WHAT NEEDS TO BE DONE: Of all the lines below, output only those starting at the one with "- Divinely Endowed" and ending at the one with "Marca: LG Modello: FFH-286AD", both ends included, exactly as written.

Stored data
══════
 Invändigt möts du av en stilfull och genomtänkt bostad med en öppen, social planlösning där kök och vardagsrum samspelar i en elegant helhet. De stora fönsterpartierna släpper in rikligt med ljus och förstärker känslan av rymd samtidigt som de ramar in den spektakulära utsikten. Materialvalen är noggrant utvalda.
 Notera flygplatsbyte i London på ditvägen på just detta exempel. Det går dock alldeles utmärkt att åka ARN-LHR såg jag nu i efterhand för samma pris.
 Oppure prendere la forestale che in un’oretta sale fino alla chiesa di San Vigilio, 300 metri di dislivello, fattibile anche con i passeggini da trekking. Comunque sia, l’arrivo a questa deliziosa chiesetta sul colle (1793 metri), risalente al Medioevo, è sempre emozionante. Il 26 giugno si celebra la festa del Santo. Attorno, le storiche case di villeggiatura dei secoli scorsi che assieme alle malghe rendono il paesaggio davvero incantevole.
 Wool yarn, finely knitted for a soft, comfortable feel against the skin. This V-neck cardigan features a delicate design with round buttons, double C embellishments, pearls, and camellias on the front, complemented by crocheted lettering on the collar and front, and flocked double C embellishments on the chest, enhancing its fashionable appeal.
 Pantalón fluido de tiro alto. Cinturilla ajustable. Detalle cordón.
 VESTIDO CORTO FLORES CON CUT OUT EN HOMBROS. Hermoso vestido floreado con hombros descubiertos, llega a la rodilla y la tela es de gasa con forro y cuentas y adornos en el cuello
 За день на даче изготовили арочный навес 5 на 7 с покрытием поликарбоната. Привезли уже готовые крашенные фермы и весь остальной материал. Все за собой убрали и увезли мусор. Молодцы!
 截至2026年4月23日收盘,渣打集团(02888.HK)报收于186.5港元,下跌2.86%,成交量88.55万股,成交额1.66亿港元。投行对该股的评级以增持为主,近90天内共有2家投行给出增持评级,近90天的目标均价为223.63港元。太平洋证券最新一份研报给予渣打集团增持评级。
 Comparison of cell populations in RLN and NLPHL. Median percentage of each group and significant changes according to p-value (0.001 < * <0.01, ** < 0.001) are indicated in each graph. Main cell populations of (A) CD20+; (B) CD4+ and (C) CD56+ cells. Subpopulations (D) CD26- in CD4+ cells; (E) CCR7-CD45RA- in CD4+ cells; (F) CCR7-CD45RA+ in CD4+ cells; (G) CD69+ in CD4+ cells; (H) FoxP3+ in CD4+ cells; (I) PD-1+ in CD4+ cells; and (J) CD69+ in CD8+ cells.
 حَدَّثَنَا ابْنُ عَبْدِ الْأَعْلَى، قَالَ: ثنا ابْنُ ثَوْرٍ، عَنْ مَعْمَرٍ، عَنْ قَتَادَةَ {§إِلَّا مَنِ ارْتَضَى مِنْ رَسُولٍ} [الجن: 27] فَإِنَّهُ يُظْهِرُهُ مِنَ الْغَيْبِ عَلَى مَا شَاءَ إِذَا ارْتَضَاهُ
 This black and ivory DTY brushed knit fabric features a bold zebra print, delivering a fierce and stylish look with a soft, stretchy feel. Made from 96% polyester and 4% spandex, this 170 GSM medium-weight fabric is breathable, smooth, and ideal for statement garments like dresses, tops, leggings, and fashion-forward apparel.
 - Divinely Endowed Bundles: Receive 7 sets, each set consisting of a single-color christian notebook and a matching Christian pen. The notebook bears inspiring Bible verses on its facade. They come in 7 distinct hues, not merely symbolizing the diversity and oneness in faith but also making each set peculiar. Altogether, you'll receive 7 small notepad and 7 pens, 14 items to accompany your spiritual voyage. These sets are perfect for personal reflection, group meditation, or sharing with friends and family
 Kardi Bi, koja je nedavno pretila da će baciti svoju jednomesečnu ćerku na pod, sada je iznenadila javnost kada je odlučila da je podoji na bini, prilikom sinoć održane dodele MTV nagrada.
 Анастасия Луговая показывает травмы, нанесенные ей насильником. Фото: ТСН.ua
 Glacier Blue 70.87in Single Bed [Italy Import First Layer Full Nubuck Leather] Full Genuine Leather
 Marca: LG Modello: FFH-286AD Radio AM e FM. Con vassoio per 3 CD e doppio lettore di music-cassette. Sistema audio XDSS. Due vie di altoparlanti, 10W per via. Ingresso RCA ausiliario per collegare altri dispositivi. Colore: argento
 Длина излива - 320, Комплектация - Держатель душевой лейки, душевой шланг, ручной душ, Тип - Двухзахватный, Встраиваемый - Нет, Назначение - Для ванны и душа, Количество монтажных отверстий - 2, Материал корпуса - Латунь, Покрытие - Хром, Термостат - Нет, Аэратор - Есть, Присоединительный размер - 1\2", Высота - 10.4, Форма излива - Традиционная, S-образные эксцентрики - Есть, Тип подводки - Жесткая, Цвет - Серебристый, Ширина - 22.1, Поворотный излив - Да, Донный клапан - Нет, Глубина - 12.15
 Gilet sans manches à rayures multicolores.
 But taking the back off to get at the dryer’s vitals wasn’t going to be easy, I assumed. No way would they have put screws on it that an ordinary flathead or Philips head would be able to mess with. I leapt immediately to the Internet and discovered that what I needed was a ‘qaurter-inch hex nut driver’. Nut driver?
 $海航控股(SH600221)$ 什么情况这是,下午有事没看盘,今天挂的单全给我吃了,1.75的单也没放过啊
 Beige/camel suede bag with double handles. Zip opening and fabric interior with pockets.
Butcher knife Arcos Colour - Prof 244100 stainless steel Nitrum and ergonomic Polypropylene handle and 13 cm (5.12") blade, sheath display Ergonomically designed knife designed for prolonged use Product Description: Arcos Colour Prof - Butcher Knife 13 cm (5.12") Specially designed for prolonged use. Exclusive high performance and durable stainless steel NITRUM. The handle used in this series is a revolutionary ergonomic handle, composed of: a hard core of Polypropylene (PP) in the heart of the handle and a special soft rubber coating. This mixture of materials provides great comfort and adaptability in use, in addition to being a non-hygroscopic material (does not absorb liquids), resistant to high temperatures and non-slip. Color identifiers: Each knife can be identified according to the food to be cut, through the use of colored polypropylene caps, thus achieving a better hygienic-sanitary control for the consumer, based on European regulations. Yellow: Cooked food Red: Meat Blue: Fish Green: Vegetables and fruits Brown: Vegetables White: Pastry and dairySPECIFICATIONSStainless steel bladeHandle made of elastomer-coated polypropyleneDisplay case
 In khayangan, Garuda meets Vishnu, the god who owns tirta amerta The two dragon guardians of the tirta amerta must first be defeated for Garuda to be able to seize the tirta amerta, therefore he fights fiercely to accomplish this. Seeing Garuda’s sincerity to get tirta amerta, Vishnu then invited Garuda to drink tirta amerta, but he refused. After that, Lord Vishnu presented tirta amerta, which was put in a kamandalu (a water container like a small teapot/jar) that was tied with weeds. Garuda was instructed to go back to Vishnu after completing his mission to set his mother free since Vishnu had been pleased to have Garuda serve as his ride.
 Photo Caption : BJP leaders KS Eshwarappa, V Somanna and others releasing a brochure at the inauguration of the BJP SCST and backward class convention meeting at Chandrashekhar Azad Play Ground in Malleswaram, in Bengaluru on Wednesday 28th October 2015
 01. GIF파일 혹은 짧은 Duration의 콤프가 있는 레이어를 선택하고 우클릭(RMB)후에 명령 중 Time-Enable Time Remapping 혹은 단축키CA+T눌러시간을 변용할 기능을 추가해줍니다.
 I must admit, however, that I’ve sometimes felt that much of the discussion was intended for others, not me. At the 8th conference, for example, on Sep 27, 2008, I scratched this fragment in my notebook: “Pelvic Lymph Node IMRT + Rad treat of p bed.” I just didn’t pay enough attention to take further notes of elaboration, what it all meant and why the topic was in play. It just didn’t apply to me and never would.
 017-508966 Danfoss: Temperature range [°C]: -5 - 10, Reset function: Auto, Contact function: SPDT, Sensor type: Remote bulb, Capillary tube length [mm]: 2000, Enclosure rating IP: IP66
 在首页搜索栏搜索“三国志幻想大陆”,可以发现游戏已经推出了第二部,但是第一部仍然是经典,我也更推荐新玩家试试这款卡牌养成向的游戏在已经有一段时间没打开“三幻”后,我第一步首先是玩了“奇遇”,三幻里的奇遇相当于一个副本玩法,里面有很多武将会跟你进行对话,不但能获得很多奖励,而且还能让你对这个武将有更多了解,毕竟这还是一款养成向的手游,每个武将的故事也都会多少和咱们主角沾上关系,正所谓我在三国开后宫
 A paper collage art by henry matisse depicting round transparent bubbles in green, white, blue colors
══════
FINISHED EXERCISE:
 - Divinely Endowed Bundles: Receive 7 sets, each set consisting of a single-color christian notebook and a matching Christian pen. The notebook bears inspiring Bible verses on its facade. They come in 7 distinct hues, not merely symbolizing the diversity and oneness in faith but also making each set peculiar. Altogether, you'll receive 7 small notepad and 7 pens, 14 items to accompany your spiritual voyage. These sets are perfect for personal reflection, group meditation, or sharing with friends and family
 Kardi Bi, koja je nedavno pretila da će baciti svoju jednomesečnu ćerku na pod, sada je iznenadila javnost kada je odlučila da je podoji na bini, prilikom sinoć održane dodele MTV nagrada.
 Анастасия Луговая показывает травмы, нанесенные ей насильником. Фото: ТСН.ua
 Glacier Blue 70.87in Single Bed [Italy Import First Layer Full Nubuck Leather] Full Genuine Leather
 Marca: LG Modello: FFH-286AD Radio AM e FM. Con vassoio per 3 CD e doppio lettore di music-cassette. Sistema audio XDSS. Due vie di altoparlanti, 10W per via. Ingresso RCA ausiliario per collegare altri dispositivi. Colore: argento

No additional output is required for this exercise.